BLAST FROM THE PAST

Why reviving the Arthur Andersen brand isn’t as crazy as it sounds

Some brands are so tainted that they’re unsalvageable, deservedly relegated to the dustbin of history. That’s why you probably won’t see an energy-trading start-up call itself Enron or a financial firm adopt the name Lehman any time soon, if ever.

The same might be said for Arthur Andersen, the accounting firm that failed in 2002 thanks to its role as the auditor of Enron’s vast book-cooking empire. But a group of Arthur Andersen alumni is reviving the brand: What was once known as WTAS, a San Francisco-based tax consultancy, is now Andersen Tax.
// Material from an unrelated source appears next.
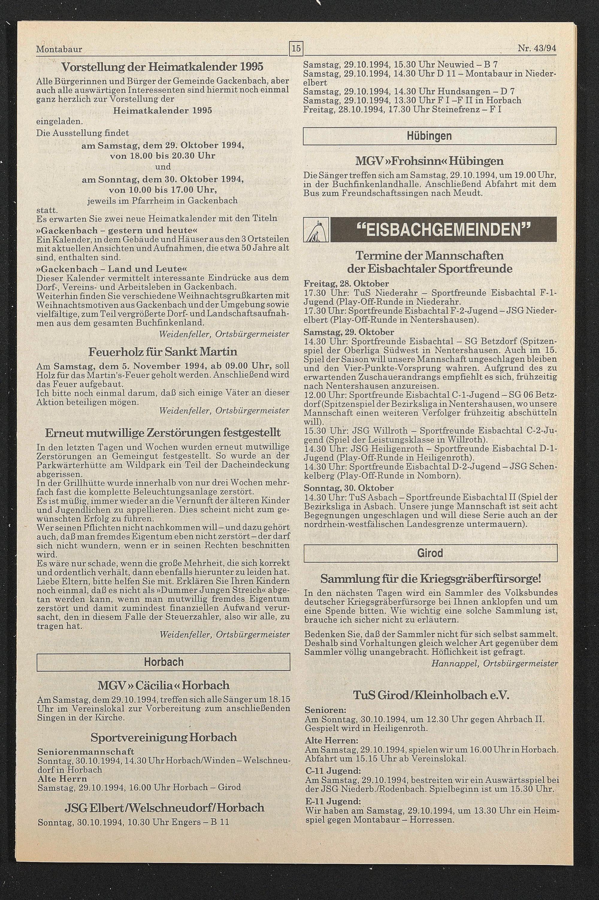 Samstag, 29.10.1994, 14.30 Uhr Hundsangen - D 7 Samstag, 29.10.1994, 13.30 Uhr FI -FII in Horbach Freitag, 28.10.1994, 17.30 Uhr Steinefrenz — FI

Why would a tax consultancy openly embrace a name associated with the aggressive use of paper shredders? Despite the Enron taint, for many of the people who once worked at Arthur Andersen, the reputation of the accounting firm founded in 1913 is still associated with a “cherished legacy of integrity,” according to Mark Vorsatz, head of the firm that acquired the rights to the Andersen name:

Arthur Andersen was the standard bearer for the accounting industry and served as the benchmark against which all other firms were measured. We recognize that embracing our new name is a bold move. However, we plan to reclaim a cherished legacy of integrity and independence that have served as the foundation of both WTAS and Arthur Andersen.

But the attempt to reclaim some of that cherished legacy will only go so far: Vorsatz promises that Andersen Tax will never offer audit services.

As Vorsatz’s company has grown, it has branched out from individual tax advice to corporate tax consulting. It has also recently opened several offices in Europe. This is why adopting the Andersen brand makes sense—the 85,000 staff that Arthur Andersen employed just before its collapse (the majority outside of the US) are now scattered throughout the corporate world.

Many Andersen alums see the accounting firm’s rough treatment for its role at Enron as an injustice, especially given the never-ending legal troubles of the remaining “Big Four” accounting firms. Former employees from outside the US were particularly miffed that the scandal brought down Andersen’s entire global operation.

Some 30% of CFOs at large listed companies in the US—a key target market for Andersen Tax—spent time at one of the big accounting firms during their formative years. Today, roughly as many of these finance chiefs passed through Andersen as Deloitte or KPMG, according to recruiter Crist/Kolder Associates. CFOs with public accounting backgrounds are even more prevalent in places like the UK, where Andersen is prominent on many résumés.

WTAS commissioned a poll of financial professionals about the Andersen brand, and found a surprisingly high share of respondents gave it high marks for ethics and quality. Although the general public may associate Andersen with scandal, Andersen Tax will try to rekindle the good feelings about the accounting firm’s glory days among those who knew it from the inside. “If an Andersen guy calls you, you go meet them,” said one former staffer some 10 years after the firm’s unseemly demise.